The basic message of this seminal, best-selling work remains the same: We are creatures of the earth, and as such, we are utterly dependent on its gifts of air, water, soil, and the energy of the sun. These elements are not just external factors; we take them into our bodies, where they are incorporated into our very essence. What replenishes the air, water, and soil and captures sunlight to vitalize the biosphere is the diverse web of all beings. The recently completed human genome project has revealed that all species are our biological kin, related to us through our evolutionary history. And it appears that our need for their company is programmed into our genome.
The cataclysmic events of the last decade require that we rethink our behaviour and find a new way to live in balance with our surroundings.
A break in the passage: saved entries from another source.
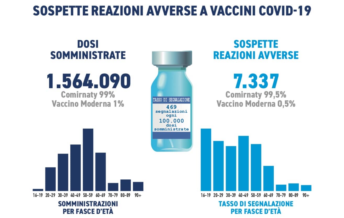 Nel periodo considerato sono pervenute 7.337 segnalazioni su un totale di 1.564.090 dosi somministrate (tasso di segnalazione di 469 ogni 100.000 dosi), di cui il 92,4% sono riferite a eventi non gravi, come dolore in sede di iniezione, febbre, astenia/stanchezza, dolori muscolari. Con Comirnaty sono state osservate anche cefalea, parestesie, vertigini, sonnolenza e disturbi del gusto mentre con il vaccino Moderna, nausea e dolori addominali.
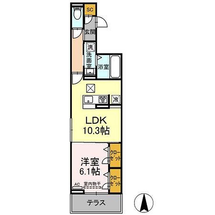 セレスティア助光 B棟 1LDK/2階
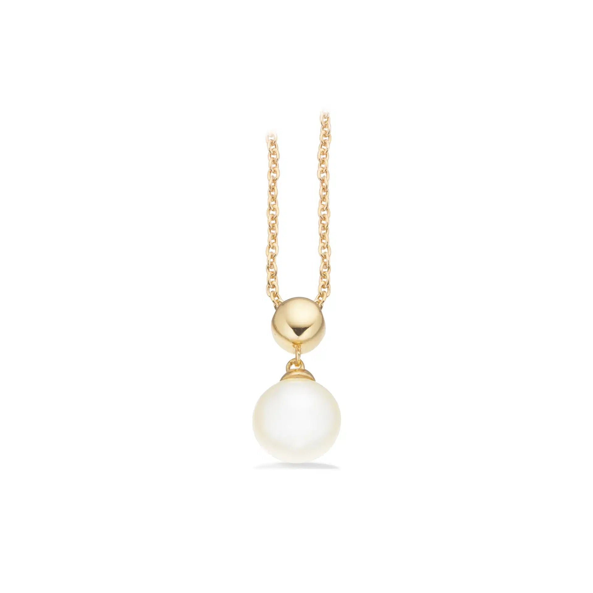Elegant vedhæng med ferskvandsperle, udført i 8 karat guld og leveret med en fin sølvkæde. Et tidløst og stilrent smykke til enhver anledning.
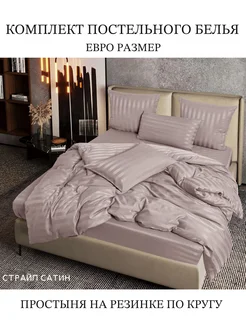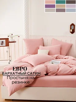 Постельное белье евро на резинке бархатный сатин
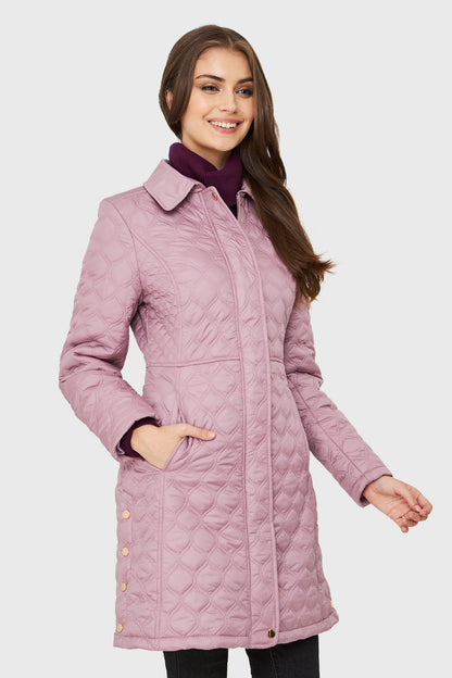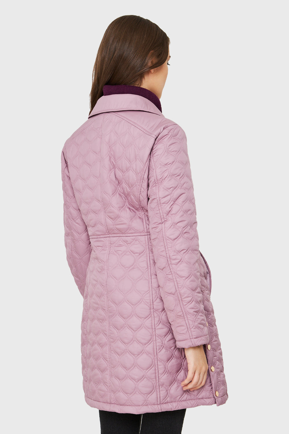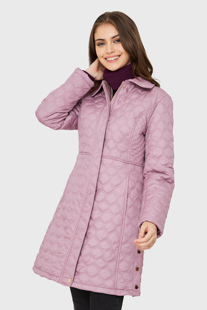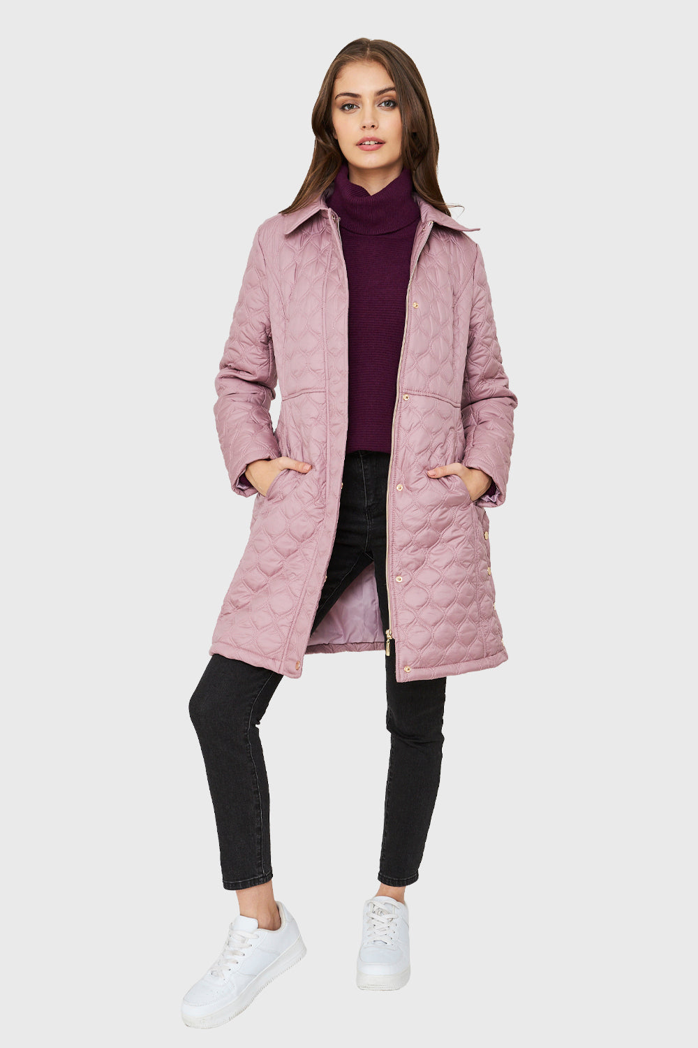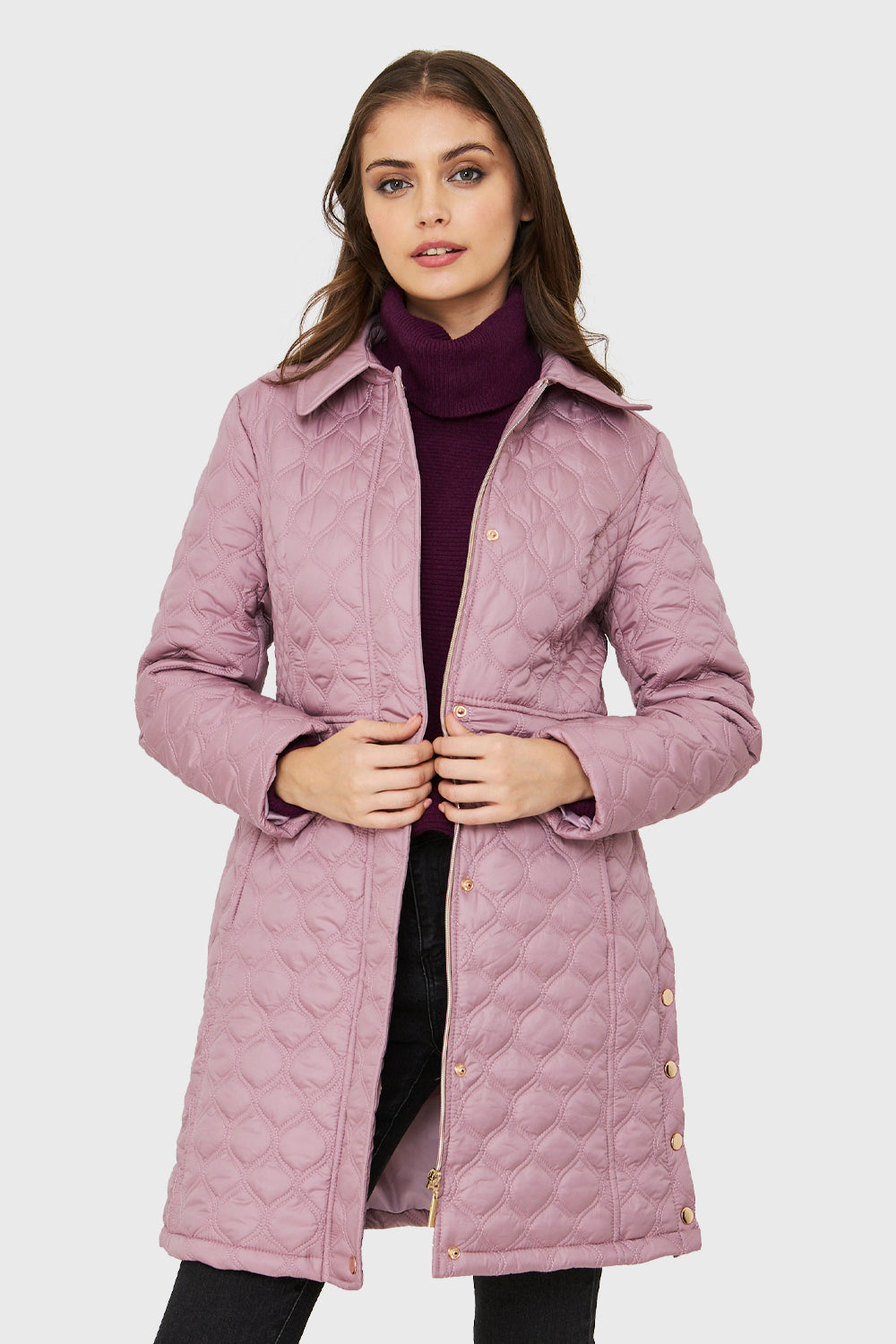 Características: Parka midi tipo quilt opaca, con cierre y broches de ajuste en la parte frontal. Cuello camisero y bolsillos laterales. También posee broches funcionales en los costados (parte baja) para mayor comodidad al sentarse.

This book offers just such a new direction for us all.
PUBLISHERS WEEKLY
This impressive coffee-table book invites readers, through word and image, to experience and reflect on the interconnectedness of all life. It opens with a somewhat overwritten and florid explanation of the evolution of life and then settles into a personal essay by Suzuki, a scientist and environmentalist. In this piece, the highlight of the written text, he describes his own transformation from a young researcher who believed that science could answer every problem to an environmental activist who came to realize that science often created as many problems as it solved. (In one fascinating vignette, he explores na ve enthusiasm for science by describing the universal praise in the 1950s for DEET, which his mother used to spray directly on the family's dinner just before serving it.) The book then devotes chapters to seven "elements" that are necessary to sustain life: water, air, fire, earth, biodiversity, love and spirit. "Spirit is beyond science," the authors say in the last chapter; it involves understanding the interdependence of life. The seven chapters are mostly taken up with DeCambra's stunning photographs, interspersed with quotations from various thinkers and excerpts from the sacred texts of the world's religions. Each chapter begins with a few introductory pages about its theme. Although these preambles contain some interesting tidbits ("there are 200 million insects for every human being on Earth") and a few insights into spirituality, the book's most original and memorable contribution is its photos.